Record excerpts —
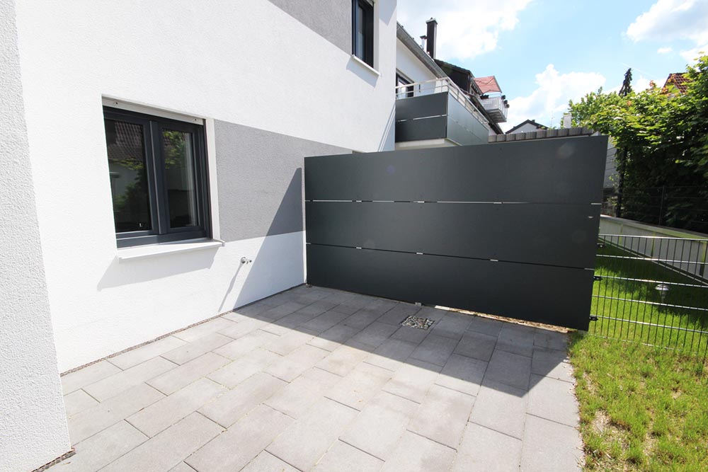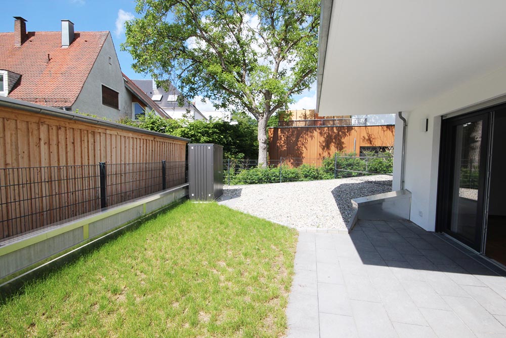 Wohnen und Essen sind offen geschnitten; verbunden mit Zugang zur geschützten Terrasse mit überschaubaren Grünstreifen.
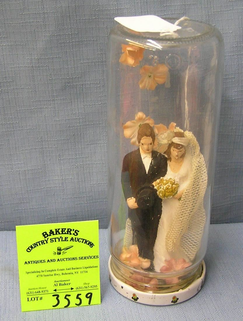 Larger hand painted chalkware bride and groom figure in encased glass jar est. value $40.00-$60.00
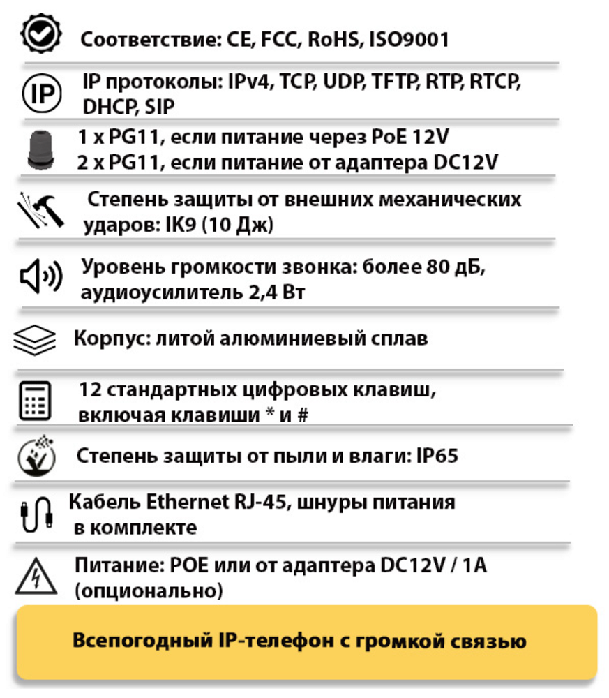 | Тип изделия | Промышленный всепогодный IP-телефонный аппарат |
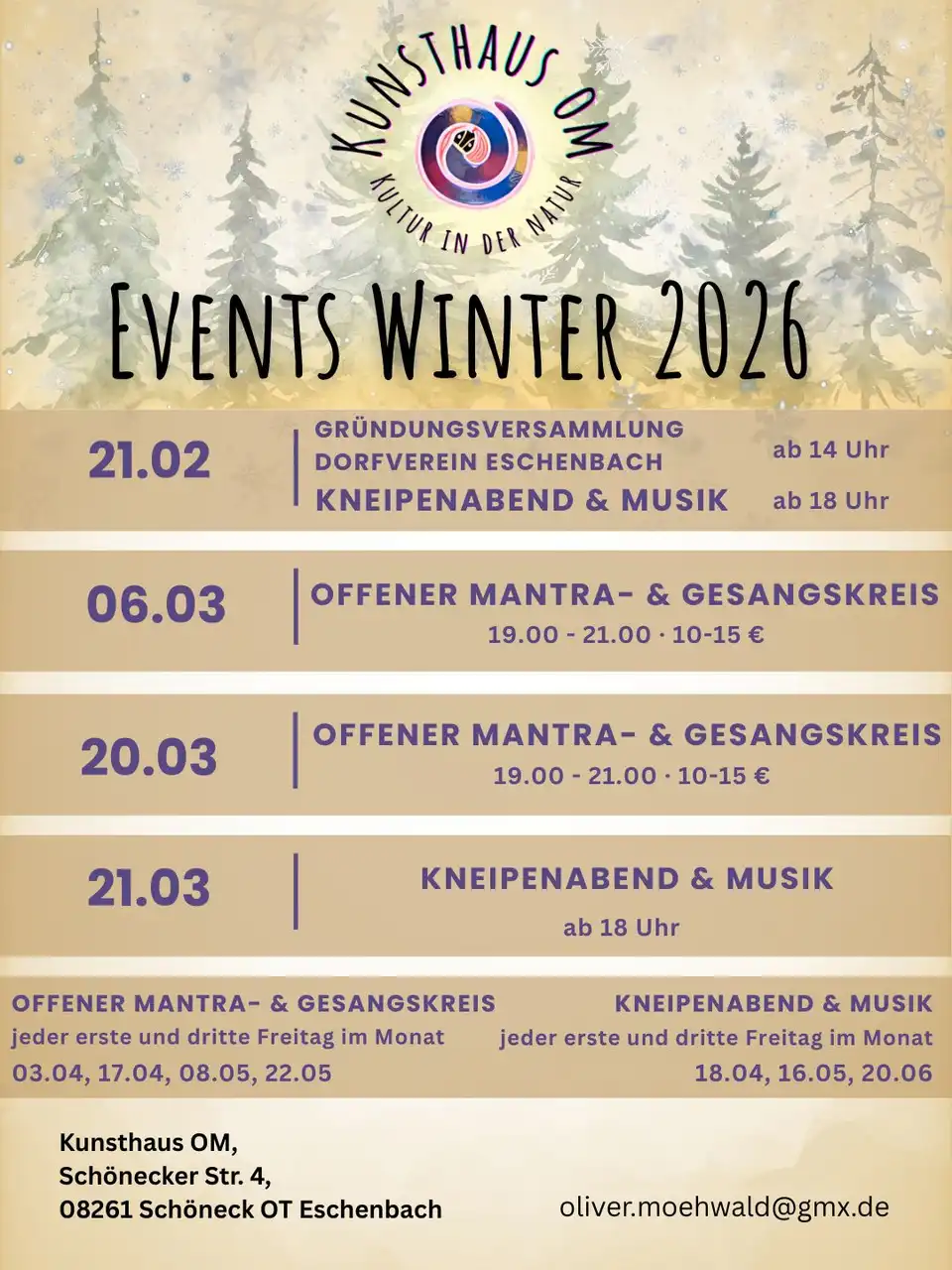 Oliver Möhwald · Kunsthaus OM · Konzerte, Workshops, Seminare, Theater · Schönecker Str. 4, 08261 Schöneck OT Eschenbach · Tel. + WhatsApp 0171 3740313 · Facebook · Instagram · Facebook Kunsthaus OM · Instagram Kunsthaus OM · Didgeridoo-Kurse · Wasser-Medizin: www.watsu.de
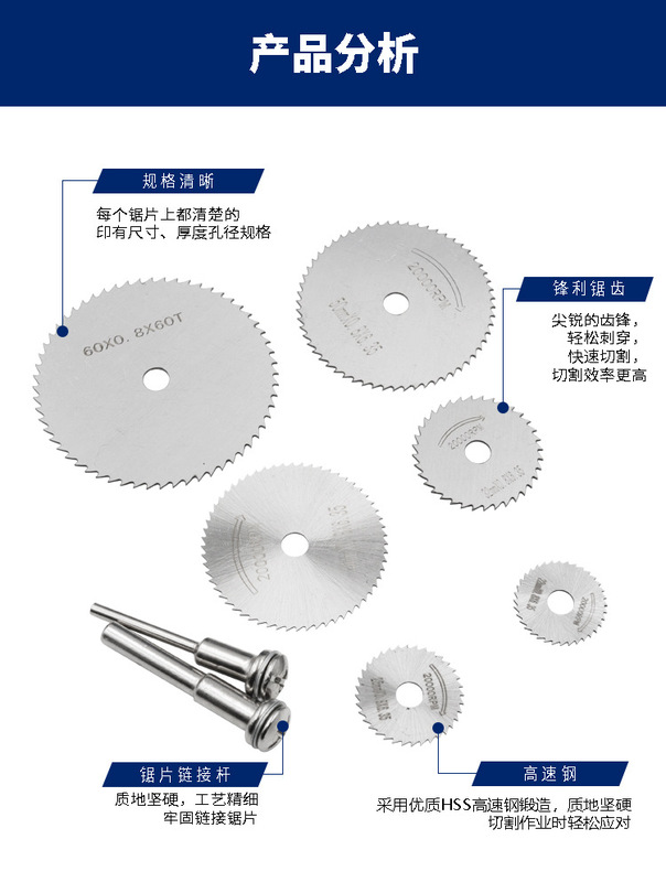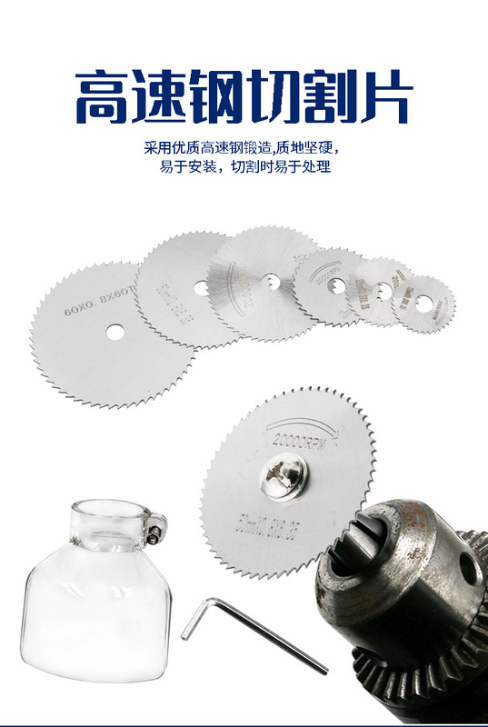 - Specifications: 6-piece set of silver saw blades + 6mm rod
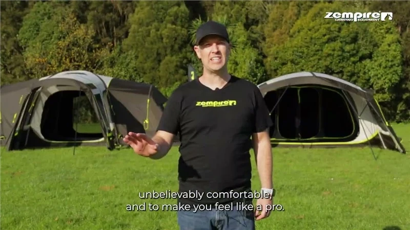 You’ll enjoy superior features, privacy and fast inflation with our new Zempire Pro II V2 Air Tent. The fully inflatable frame with a central cross structure provides increased stability and a generous living space with increased privacy via the two individual bedrooms. The front awning area can be attached to either an optional awning wall set to enclose, or an Aerobase shelter to provide a truly connected living space.
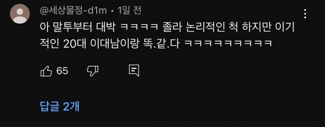 댓글반응은 이대남이랑 완전 똑같다고 이대남 까는중
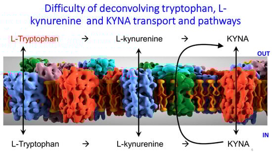 Assessing the fate of KYNA when its precursors are added externally is fraught unless one knows the expression levels of all the relevant transporters, the direction in which they transport, and whether they are concentrative or equilibrative [,], and we only know the existence of some of them. The membrane is redrawn in part from the animation at https://www.youtube.com/watch?v=s23vNwLE-Jw, accessed on 19 August 2024.
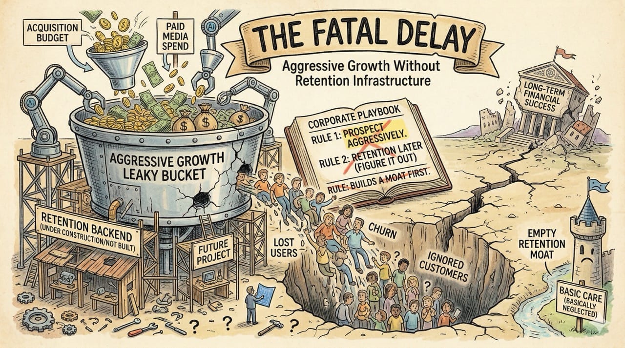 Inspiration: Analyzing the fatal disconnect between massive paid media budgets and neglected retention infrastructure. Realizing that as artificial intelligence commoditizes prospecting, true enterprise value will be generated entirely by unmeasurable customer delight.
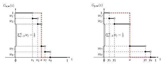 In this section, we demonstrate the properties of the weighted consensus measures and given by Equations (30) and (32), respectively. Recall that these two measures are induced by the fuzzy entropies and given in Equations (29) and (31), respectively. We utilize nine different input vectors (the components of which are denoted by ) and the weight vector (the components of which are denoted by ), as shown in Table 2.

Required action — Reproduce, exactly and without pictures, the lines above from the one containing "Inspiration: Analyzing the" through the last line of the material, both ends included, and nothing more.

Reply to the exercise —
 Inspiration: Analyzing the fatal disconnect between massive paid media budgets and neglected retention infrastructure. Realizing that as artificial intelligence commoditizes prospecting, true enterprise value will be generated entirely by unmeasurable customer delight.
 In this section, we demonstrate the properties of the weighted consensus measures and given by Equations (30) and (32), respectively. Recall that these two measures are induced by the fuzzy entropies and given in Equations (29) and (31), respectively. We utilize nine different input vectors (the components of which are denoted by ) and the weight vector (the components of which are denoted by ), as shown in Table 2.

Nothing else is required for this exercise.